9. The method of claim 1, wherein the determination to add an alarm is based on one or more of:
a size of a detected leak in the pipeline or flowline;
a location of the detected leak in the pipeline or flowline;
a relative flow rate during the event;
whether there are anomalous flow rates on active nodes;
a change in system configuration; and
one or more pressure drops detected during the event.
10. A method for detecting anomaly in a pipeline or a flowline, the method comprising:
monitoring a plurality of nodes in the pipeline or the flowline;
receiving data from the plurality of nodes in the pipeline or the flowline;
for each of the cleaning the received data from the plurality of nodes in the pipeline or the flowline to generated cleaned data; and
training an anomaly detection model using the cleaned data.
11. The method of claim 10, wherein training an anomaly detection model using the cleaned data includes performing at least one kernel density estimation.
12. The method of claim 10, wherein training an anomaly detection model using the cleaned data comprises:
receiving a train request including a plurality of paraments that specify:
a data stream to train on;
a time from over which to train;
how often to retrain the model; and
one or more thresholds for generating an alarm.
13. The method of claim 10, wherein training an anomaly detection model includes:
receiving a plurality of cleaned data;
standardizing the cleaned data;
generating a plurality of candidate kernel density estimation models; and
evaluating the plurality of candidate kernel density estimation models using a grid search to determine a chosen model.
14. The method of claim 13, wherein generating a plurality of candidate models comprises varying a bandwidth of each of the candidate models around Silverman's rule.
15. The method of claim 13, further comprising caching the chosen model in a model cache.

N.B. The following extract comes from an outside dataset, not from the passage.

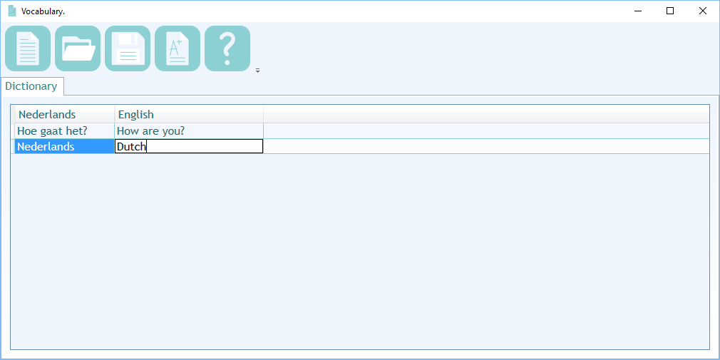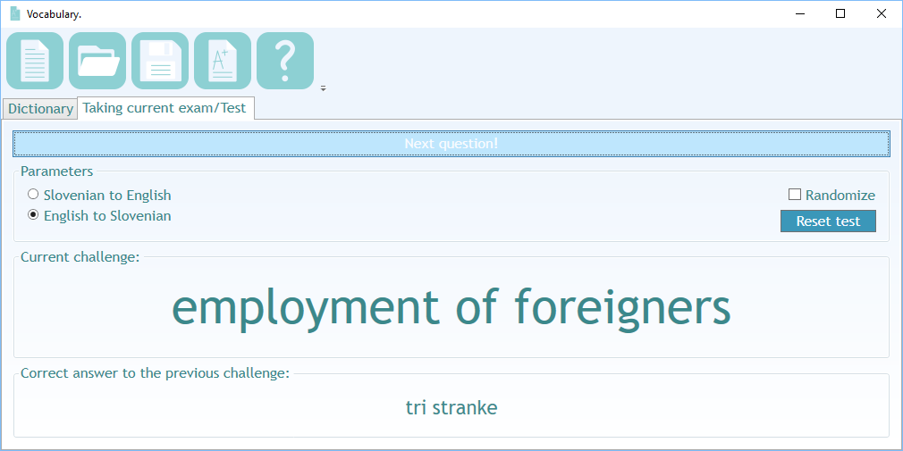 Define and input a vocabulary list or open a previously saved oneQuestion yourself from native to new language – and vice-versa using the exam/test functionRandomize tests for added difficultyAble to execute from associated *.vocab file

16. The method of claim 15, further comprising:
determining whether a model is present for the data from the plurality of nodes in the pipeline or the flowline;
if a model is not present, publishing the data from the plurality of nodes in the pipeline or the flowline without evaluation; and
if a model is present, publishing the data from the plurality of nodes in the pipeline or the flowline with evaluation.

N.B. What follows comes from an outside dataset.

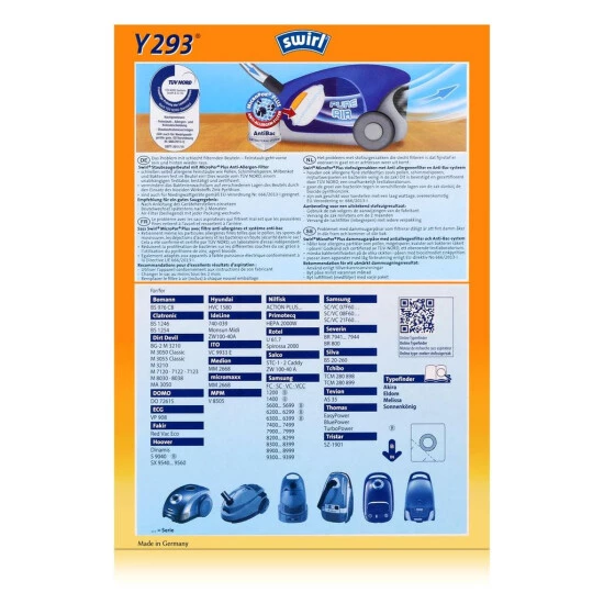 1x Swirl Staubsaugerbeutel Y293 mit je 4 Beutel + je 1 Filter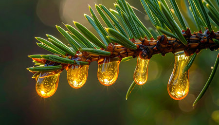 Resin glistens as it flows down a tree trunk, illuminated by the soft light of the setting sun.

17. The method of claim 10, wherein monitoring a plurality of nodes in the pipeline or the flowline includes monitoring real-time data in the pipeline or the flowline includes one or more of pressures, flow rates, temperatures, acoustics, and visual data.

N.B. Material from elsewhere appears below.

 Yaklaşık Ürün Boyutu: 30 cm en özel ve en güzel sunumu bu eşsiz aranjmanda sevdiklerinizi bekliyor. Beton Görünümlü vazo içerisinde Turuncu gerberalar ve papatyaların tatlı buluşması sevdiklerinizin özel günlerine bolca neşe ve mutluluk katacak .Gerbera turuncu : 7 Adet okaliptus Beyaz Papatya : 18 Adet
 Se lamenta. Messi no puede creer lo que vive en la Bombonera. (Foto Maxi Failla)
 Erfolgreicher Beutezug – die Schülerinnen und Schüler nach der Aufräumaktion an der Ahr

18. A system for detecting anomaly in a pipeline or a flowline, the system comprising:
one or more sensors;
one or more processors;
a memory including non-transitory executable instructions that, when executed cause the one or more processors to:
monitor real-time data in the pipeline or the flowline, wherein the pipeline or flowline includes a plurality of nodes, the nodes including at least one or more inlets and one or more outlets;
generate a probability metric using a prediction service, wherein the prediction service uses a convolutional neural network;
determine whether to add an alarm, based, at least in part on the probability metric; and
if there are one or more active alarms, perform an action based on the active alarm.
19. The system of claim 18, wherein the real-time data in the pipeline or the flowline includes one or more of pressures, flow rates, temperatures, acoustics, and visual data.
20. The system of claim 18, wherein the prediction service uses a machine learning algorithm.